======== STORED DATA

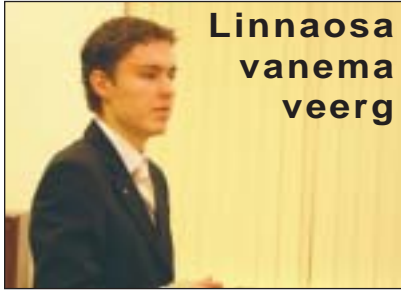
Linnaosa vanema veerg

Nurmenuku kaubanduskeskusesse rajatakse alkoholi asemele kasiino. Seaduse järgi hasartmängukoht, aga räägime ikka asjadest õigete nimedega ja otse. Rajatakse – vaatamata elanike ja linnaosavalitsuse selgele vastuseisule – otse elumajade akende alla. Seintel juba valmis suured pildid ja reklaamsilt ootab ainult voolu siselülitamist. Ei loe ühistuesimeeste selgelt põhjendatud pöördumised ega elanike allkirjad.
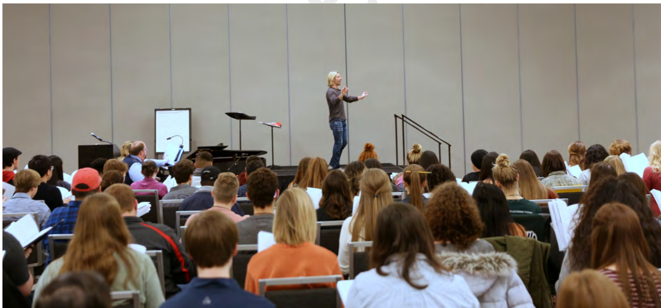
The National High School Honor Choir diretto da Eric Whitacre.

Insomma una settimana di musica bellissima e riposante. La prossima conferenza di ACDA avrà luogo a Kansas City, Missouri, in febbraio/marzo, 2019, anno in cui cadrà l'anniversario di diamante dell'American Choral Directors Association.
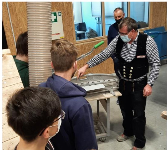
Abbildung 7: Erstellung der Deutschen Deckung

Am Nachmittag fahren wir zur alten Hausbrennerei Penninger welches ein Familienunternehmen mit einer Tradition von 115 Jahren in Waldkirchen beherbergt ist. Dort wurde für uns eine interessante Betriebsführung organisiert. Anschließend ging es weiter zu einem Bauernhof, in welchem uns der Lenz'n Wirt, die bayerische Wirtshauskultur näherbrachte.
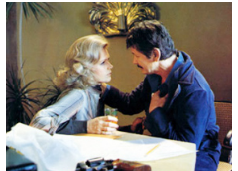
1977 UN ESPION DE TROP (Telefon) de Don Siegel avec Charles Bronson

================

- PROBLEM TO WORK ON -
From the first line to the last, copy the listing above exactly, dropping all images.

- RESPONSE TO THIS EXERCISE -
Linnaosa vanema veerg

Nurmenuku kaubanduskeskusesse rajatakse alkoholi asemele kasiino. Seaduse järgi hasartmängukoht, aga räägime ikka asjadest õigete nimedega ja otse. Rajatakse – vaatamata elanike ja linnaosavalitsuse selgele vastuseisule – otse elumajade akende alla. Seintel juba valmis suured pildid ja reklaamsilt ootab ainult voolu siselülitamist. Ei loe ühistuesimeeste selgelt põhjendatud pöördumised ega elanike allkirjad.
The National High School Honor Choir diretto da Eric Whitacre.

Insomma una settimana di musica bellissima e riposante. La prossima conferenza di ACDA avrà luogo a Kansas City, Missouri, in febbraio/marzo, 2019, anno in cui cadrà l'anniversario di diamante dell'American Choral Directors Association.
Abbildung 7: Erstellung der Deutschen Deckung

Am Nachmittag fahren wir zur alten Hausbrennerei Penninger welches ein Familienunternehmen mit einer Tradition von 115 Jahren in Waldkirchen beherbergt ist. Dort wurde für uns eine interessante Betriebsführung organisiert. Anschließend ging es weiter zu einem Bauernhof, in welchem uns der Lenz'n Wirt, die bayerische Wirtshauskultur näherbrachte.
1977 UN ESPION DE TROP (Telefon) de Don Siegel avec Charles Bronson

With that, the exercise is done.